Integrating AI into my workflow
Earlier this year I joined Sana and opened the backend codebase. It was written entirely in Kotlin. I’d never written a line of it. The frontend was TypeScript, which I knew well, but the backend was a different world. The syntax looked close enough to Java (which I’d worked with at Spotify a few years prior) that I could squint and follow the shape of things, but the idioms were foreign. Extension functions, data classes, scope functions like let and apply chained in ways I couldn’t parse on first read.
My instinct was to open the Kotlin docs, find a tutorial, maybe skim a “Kotlin for Java developers” guide. Instead, I pasted a block of code into GPT and typed: “Explain what this does, line by line.”
It worked.
Not perfectly. Not every time. But well enough that I kept doing it. I’d write a function, paste it in, and ask: “Is this idiomatic Kotlin, or am I just writing TypeScript with different punctuation?” GPT would come back with suggestions (use also here, replace this if chain with a when expression, this whole block can collapse into a single let call) and I’d rewrite, paste again, ask again. A feedback loop that felt less like reading documentation and more like pair programming with someone who never gets impatient.
I’d tried ChatGPT before this. Asked it to generate code, got back something that looked plausible but wasn’t usable. Didn’t see the point over just writing it myself. But learning Kotlin was different. I wasn’t asking GPT to write code for me. I was asking it to explain code I was already looking at, to critique code I’d already written. I had something specific to push against, and that changed everything. I ran it through Raycast AI (powered by GPT-4), a tool I already used daily that had just shipped their AI features.
It’s a rubber duck that talks back.
I don’t mean that dismissively. Rubber duck debugging works because the act of explaining your problem forces you to think clearly about it. GPT does that, but it also responds, and the response doesn’t have to be brilliant. It just has to be close enough to give you something to push against. You paste an ugly function, it offers a cleaner version, you spot what it missed, and now you understand the code better than if you’d just stared at it.
Refactoring is where this hits hardest. You’re working in an existing codebase, you find a function that grew ugly over six months of patches, and you need to clean it up without breaking anything. That’s grunt work. The kind of task where having a second pair of eyes (even artificial ones) saves real time. I paste the function, ask for a refactored version, and use the output as a starting point. “Sometimes maybe good, sometimes maybe shit.” When it’s off, I start over, explain what I’m actually trying to do, paste again. GPT has the biggest patience in the world. It doesn’t care if I ask the same question five different ways. It just keeps answering.
And then there are TypeScript errors. Anyone who’s worked with complex TypeScript generics knows the feeling. The compiler spits out a type error four lines long, nested three levels deep, referencing types you didn’t write. I used to squint at those for minutes, mentally unpacking each layer. Now I paste them into GPT and get back a plain-language explanation of what’s actually mismatched.
But none of this works if you can’t tell when it’s wrong.
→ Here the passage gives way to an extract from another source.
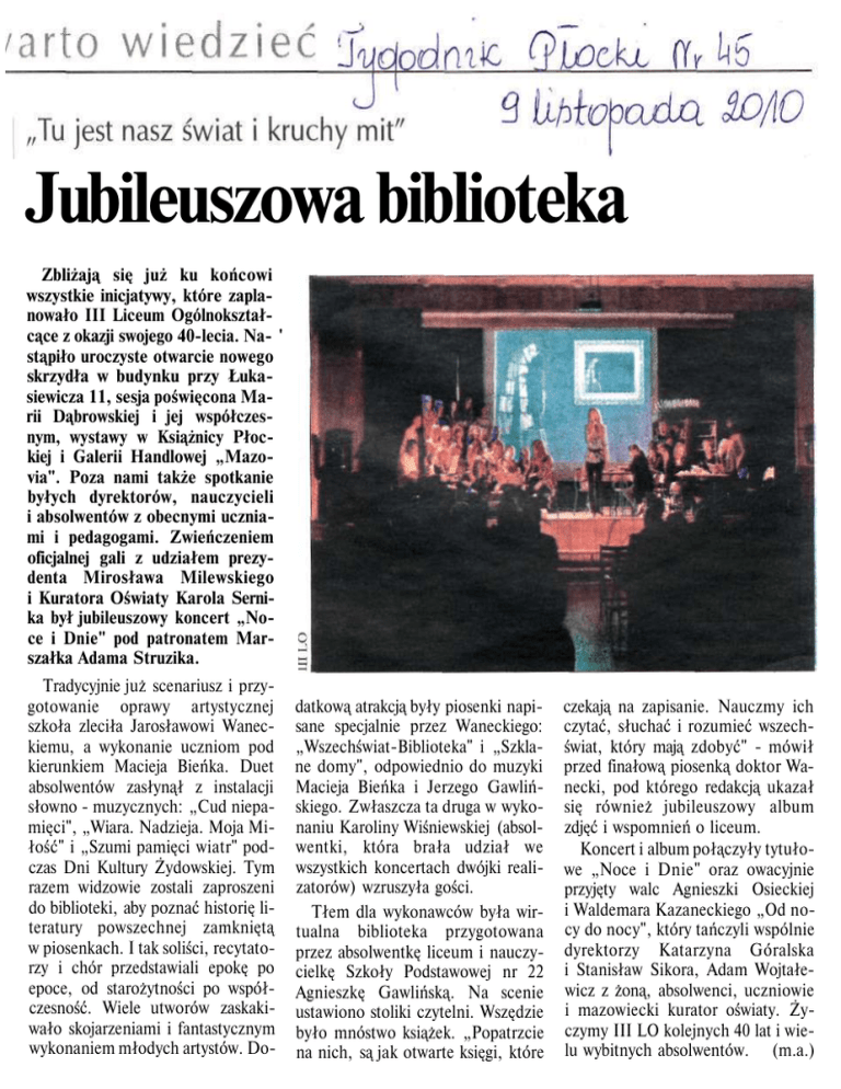 Jubileuszowa biblioteka Zbliżają się już ku końcowi wszystkie inicjatywy, które zapla nowało III Liceum Ogólnokształ cące z okazji swojego 40-lecia. Na- ' stąpiło uroczyste otwarcie nowego skrzydła w budynku przy Łuka siewicza 11, sesja poświęcona Ma rii Dąbrowskiej i jej współczes nym, wystawy w Książnicy Płoc kiej i Galerii Handlowej „Mazovia". Poza nami także spotkanie byłych dyrektorów, nauczycieli i absolwentów z obecnymi ucznia mi i pedagogami. Zwieńczeniem oficjalnej gali z udziałem prezy denta Mirosława Milewskiego i Kuratora Oświaty Karola Serni ka był jubileuszowy koncert „No ce i Dnie" pod patronatem Mar szałka Adama Struzika. Tradycyjnie już scenariusz i przy gotowanie oprawy artystycznej szkoła zleciła Jarosławowi Waneckiemu, a wykonanie uczniom pod kierunkiem Macieja Bieńka. Duet absolwentów zasłynął z instalacji słowno - muzycznych: „Cud niepa mięci", „Wiara. Nadzieja. Moja Mi łość" i „Szumi pamięci wiatr" pod czas Dni Kultury Żydowskiej. Tym razem widzowie zostali zaproszeni do biblioteki, aby poznać historię li teratury powszechnej zamkniętą w piosenkach. I tak soliści, recytato rzy i chór przedstawiali epokę po epoce, od starożytności po współ czesność. Wiele utworów zaskaki wało skojarzeniami i fantastycznym wykonaniem młodych artystów. Do datkową atrakcją były piosenki napi sane specjalnie przez Waneckiego: „Wszechświat-Biblioteka" i „Szkla ne domy", odpowiednio do muzyki Macieja Bieńka i Jerzego Gawliń skiego. Zwłaszcza ta druga w wyko naniu Karoliny Wiśniewskiej (absol wentki, która brała udział we wszystkich koncertach dwójki reali zatorów) wzruszyła gości. Tłem dla wykonawców była wir tualna biblioteka przygotowana przez absolwentkę liceum i nauczy cielkę Szkoły Podstawowej nr 22 Agnieszkę Gawlińską. Na scenie ustawiono stoliki czytelni. Wszędzie było mnóstwo książek. „Popatrzcie na nich, są jak otwarte księgi, które czekają na zapisanie. Nauczmy ich czytać, słuchać i rozumieć wszech świat, który mają zdobyć" - mówił przed finałową piosenką doktor Wanecki, pod którego redakcją ukazał się również jubileuszowy album zdjęć i wspomnień o liceum. Koncert i album połączyły tytuło we „Noce i Dnie" oraz owacyjnie przyjęty walc Agnieszki Osieckiej i Waldemara Kazaneckiego „Od no cy do nocy", który tańczyli wspólnie dyrektorzy Katarzyna Góralska i Stanisław Sikora, Adam Wojtałewicz z żoną, absolwenci, uczniowie i mazowiecki kurator oświaty. Ży czymy III LO kolejnych 40 lat i wie lu wybitnych absolwentów. (m.a.)

GPT hallucinates. It invents plausible Kotlin APIs that don’t exist. It suggests TypeScript patterns that compile but introduce subtle bugs. It rewrites your function and quietly drops an edge case. You need to know enough to catch that, to read the suggestion and feel the thing that’s off before you run it.
I still write Kotlin every day. I can write decent code now, but I still need a reviewer (a colleague, or increasingly, an AI) to catch the things I miss, to push it from functional to idiomatic. GPT didn’t teach me Kotlin. But it compressed the awkward early phase (the phase where everything takes three times as long because you’re translating in your head) into something shorter and less painful. I’ll take that.